# Partridge?!?



## njsimonson

Anyone else seeing inordinately high numbers of birds and more coveys than normal!? Holy cats, it must have been a banner spring for these guys.


----------



## D&amp;D

Hey Frozen Gator, you gotta stop teasing me like that! I'm not even going to need another cup of coffee this morning! I don't know how I'll make it two more months knowing those little buzz bombs are everywhere.

Its really good to hear that they seem to have done well. Only found a couple of coveys last year. I hope they continue to make a strong comeback.

How's everything going in VC? Hope you're doing well, although I hope Western Kentucky beats your butts on Saturday! (fat chance)

Talk to you later. War Eagle! Go Noles!


----------



## drjongy

We usually pick up a few in our grouse spot, but overall it has been pretty slim the past few years.


----------



## mburgess

Talking with area landowners sounds like Hun #'s are up.


----------



## njsimonson

> How's everything going in VC? Hope you're doing well, although I hope Western Kentucky beats your butts on Saturday! (fat chance)


Well, thanks to some well timed lighting, UF made it by WKU by a scant 49-3 margin. But hey, we all saw what Appalachian State did, so never underestimate any opponent! Off to face the men of Troy this week...Troy, Alabama that is.

Tennessee kicks off the conference schedule on the 15th. That'll be exciting. They played well against Cal, but not well enough.

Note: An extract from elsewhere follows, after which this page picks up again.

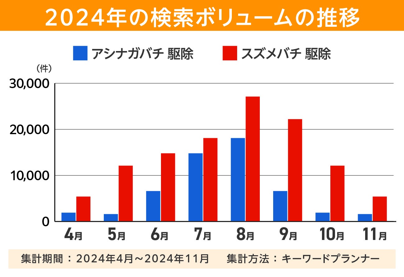 さらに10月時点でも10,000を超えることから、秋に入ってもスズメバチの駆除を検討している方が多いことがわかります。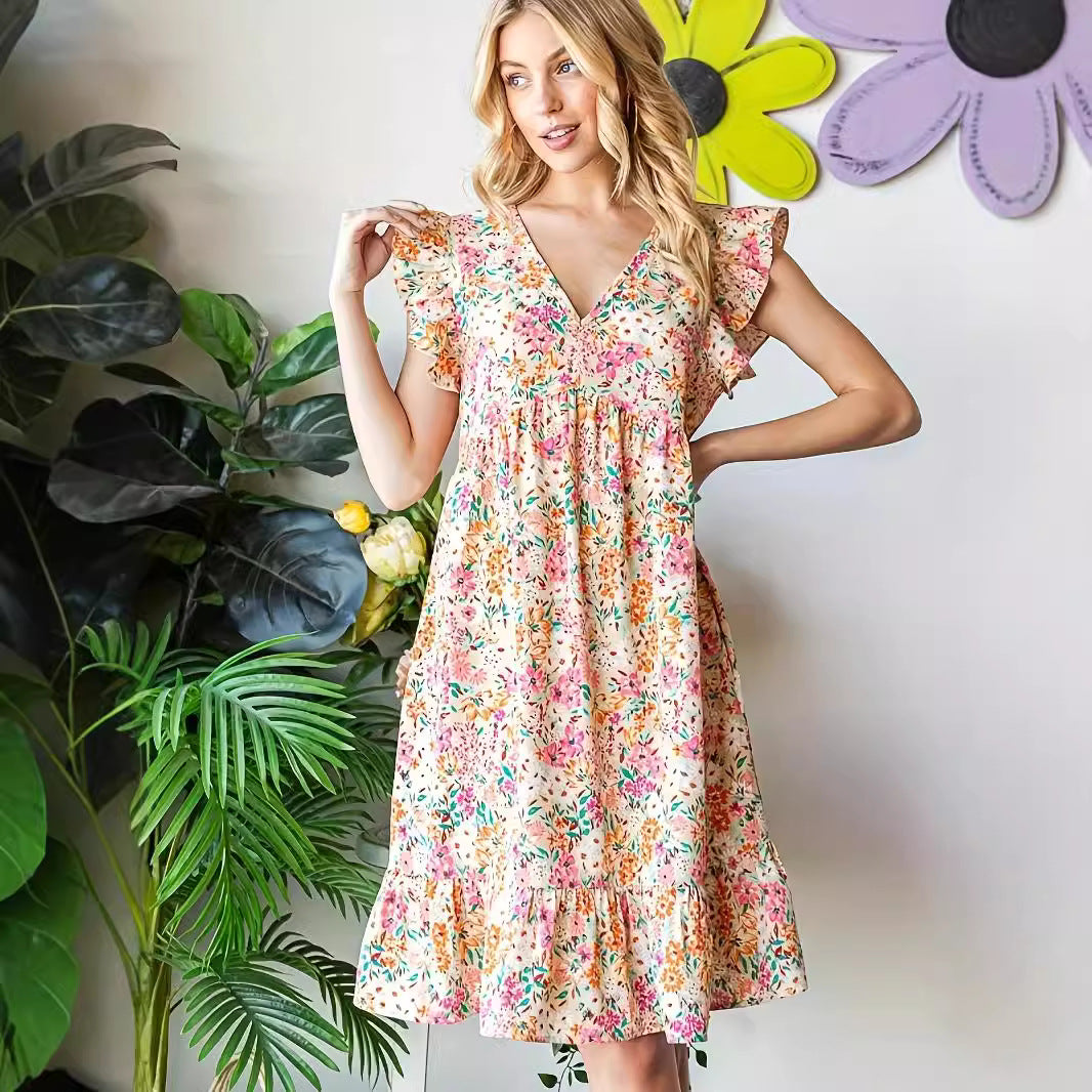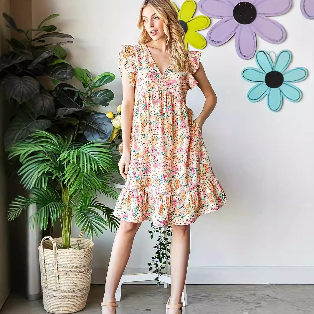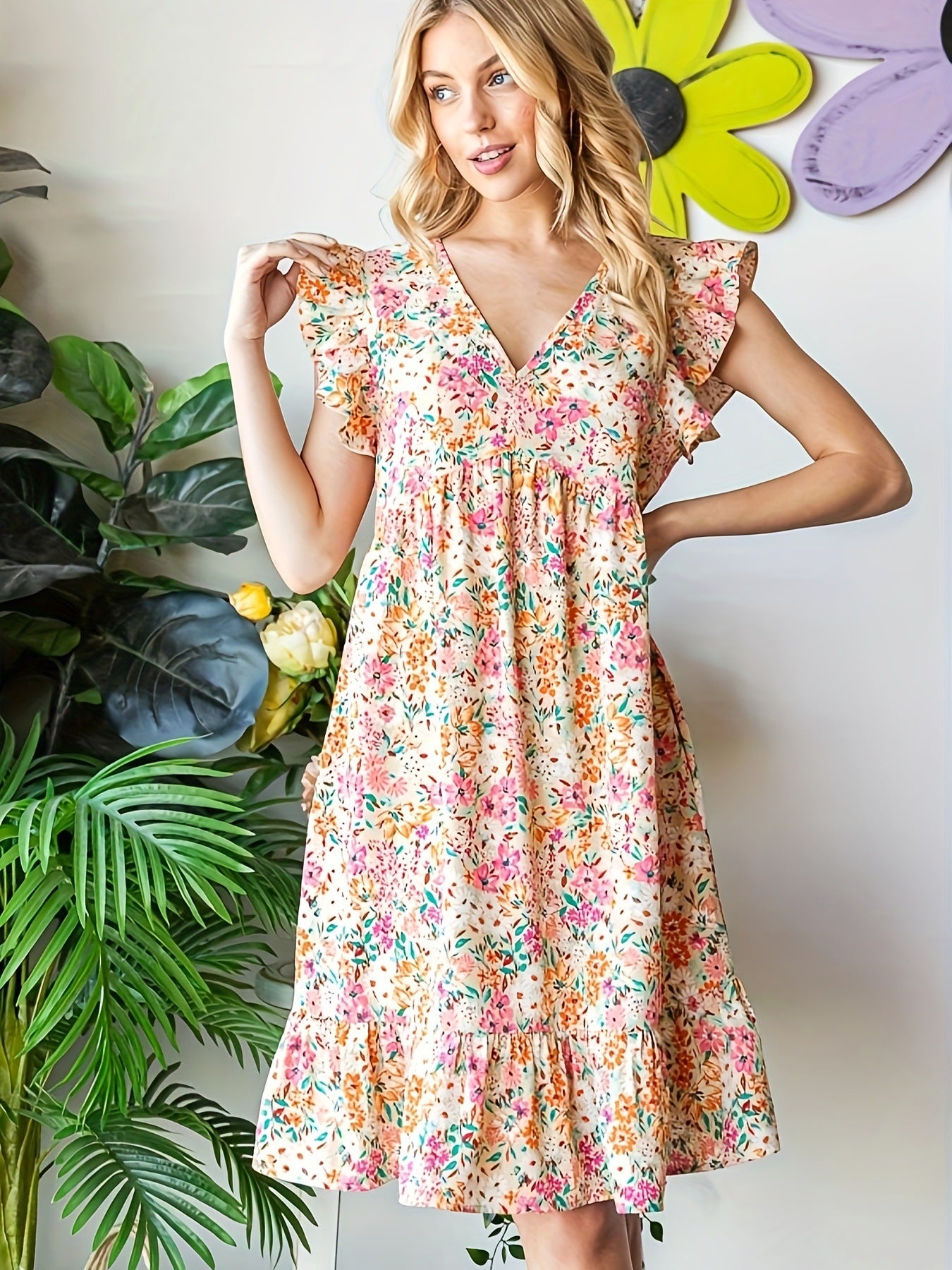 Opdag den perfekte sommerkjole med vores elegante blomsterdesign, der er ideelt til varme dage. Kjolen imponerer med en v-udskæring og stilfulde flæseudskæringer på ærmerne, som giver dig et feminint og romantisk look.

VC is good, looking forward to grouse and partridge opener tomorrow. Fishing went well this summer, looking forward to more and bigger muskies next week in Detroit Lakes, MN

Tough loss for your Noles in the Bowden bowl this week eh? You think JoPa will be ahead of Ol Bobby in career Ws come December?!? I think so.


----------



## nodakoutdoors.com

We saw quite a few coveys last night, most were a good 12-20 birds. Great to see them. I can't wait until the population gets back to "pre '93" days!


----------



## drjongy

Saw more partridge this weekend than I have in the last 3 years!


----------



## D&amp;D

Well Nick, after this past week you probably won't be hearing any more talk from Seminole or War Eagle country. It's a sad state of affairs for my two favorite teams! If JoPa isn't ahead of Bobby by the end of this year, I think he will be next year for sure. I think it's kind of pitiful that neither of them will retire until the other one's gone.

How'd you guys do this weekend? Chris, how about in your area? Sounds like the sharptail and hun numbers are good again. I can't wait to get out there again. Looks like I may be moving my trip up a week this year. As of now probably coming on 10/27 instead of 11/3. That'll keep me out of deer opener. That Friday was a real zoo last year!

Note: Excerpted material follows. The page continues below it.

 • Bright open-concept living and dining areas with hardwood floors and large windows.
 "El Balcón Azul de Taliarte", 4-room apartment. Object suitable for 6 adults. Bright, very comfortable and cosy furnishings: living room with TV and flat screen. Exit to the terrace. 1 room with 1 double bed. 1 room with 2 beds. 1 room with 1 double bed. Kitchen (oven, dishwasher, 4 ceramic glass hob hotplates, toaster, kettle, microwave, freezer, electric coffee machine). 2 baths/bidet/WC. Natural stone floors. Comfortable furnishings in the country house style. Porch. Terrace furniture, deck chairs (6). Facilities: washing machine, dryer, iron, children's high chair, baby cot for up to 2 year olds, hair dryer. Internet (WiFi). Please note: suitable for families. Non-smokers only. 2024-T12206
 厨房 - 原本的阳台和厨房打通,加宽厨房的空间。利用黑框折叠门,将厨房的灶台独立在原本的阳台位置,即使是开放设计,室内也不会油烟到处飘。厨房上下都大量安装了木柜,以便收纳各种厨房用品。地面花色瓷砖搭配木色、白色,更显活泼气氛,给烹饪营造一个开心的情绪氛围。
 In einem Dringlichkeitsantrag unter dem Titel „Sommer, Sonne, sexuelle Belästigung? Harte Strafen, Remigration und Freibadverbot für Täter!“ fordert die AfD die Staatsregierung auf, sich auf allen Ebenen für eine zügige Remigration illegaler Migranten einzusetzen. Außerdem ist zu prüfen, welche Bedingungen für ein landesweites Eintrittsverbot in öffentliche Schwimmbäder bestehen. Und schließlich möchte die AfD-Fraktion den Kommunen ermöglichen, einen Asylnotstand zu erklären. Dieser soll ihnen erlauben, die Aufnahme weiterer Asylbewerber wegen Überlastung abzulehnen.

Take care and try to leave me a few huns!


----------



## njsimonson

Yeah, first real test will be this weekend versus the Vols...at least the D will get a test run now. Can you believe the SC/UGA upset and the USF/Auburn upset? Strength of Schedule just went out the window.

We ended the weekend with six. We got one grouse on Saturday night, after 10 straight hours of rain (the walks were miserable) and five on Sunday, when it got nice out. We are after partridge tonight, I think, and will report later. I'll save a couple for you, you'll need consolation on Rocky Top.

It could be worse...you could bea fan of Michigan (0-2) or Notre Dame (0-2), LOL. :beer:


----------



## Rick Acker

Very few around here...Grouse are taking over in duck country...Saw several groups scouting for geese...Would rather have the huns!


----------



## Dak

More huns around here then normal. I doubt I'll see huns like there were around Minot from 88-92 again.


----------